Creating security group.

Launch ec2-instances in that subnet of respective VPC:

Now after creating all the required services we can launch no. of ec2-instances. Here i am launching three instances (2 instances will be behaving as a slave and 1 will be as a master). All the instances is launched using t2.micro instance type. t2.micro is comes under free tier and you can launch without free of cost. you need to specify the id’s subnet i.e in which subnet we are goin to launch the instance. Also the group_id i.e security group. You also need to mention the count of instances you will be launching. As i have used loop at the end of the below code so that loop will search Os_Names variable which i have created inside the main playbook. The Os_Names variable consists of three variables i.e K8S_Master_testing, K8S_Slave1_testing, K8S_Slave2_testing so the loop will run three times and will launch three instances respectively. Also you need to specify the keypair in the key_name variable.

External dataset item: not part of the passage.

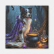 Entrar en una mágica noche de Halloween con esta pintoresca pintura al óleo con un adorable cachorro vestido con un mini manto de bruja, sentado al lado de un caldero burbujeante en un oscuro bosque. Rodeada de pociones brillantes, antiguos libros de ortografía y brillantes chispas mágicas, la escena está llena de misterio y encanto. Las ricas texturas de pintor y los profundos tonos de Halloween crean una acogedora atmósfera encantada perfecta para los amantes de la temporada espeluznante.

- name: "provisioning OS on AWS using Ansible"
  ec2:
     key_name: "ansiblekey"
     instance_type: "t2.micro"
     image: "ami-08e0ca9924195beba"
     wait: yes
     count: 1
     vpc_subnet_id: "{{ subnet_result.subnet.id }}"
     assign_public_ip: yes
     region: "ap-south-1"
     state: present
     group_id: "{{ security_group_results.group_id }}"
     aws_access_key: "{{aws_access_key}}"
     aws_secret_key: "{{aws_secret_key}}"
     instance_tags:
             Name: "{{ item }}"
  loop: "{{ Os_Names }}"

Now you can create those instances by running the main playbook. I create roles to do the same. You can create the role using below command.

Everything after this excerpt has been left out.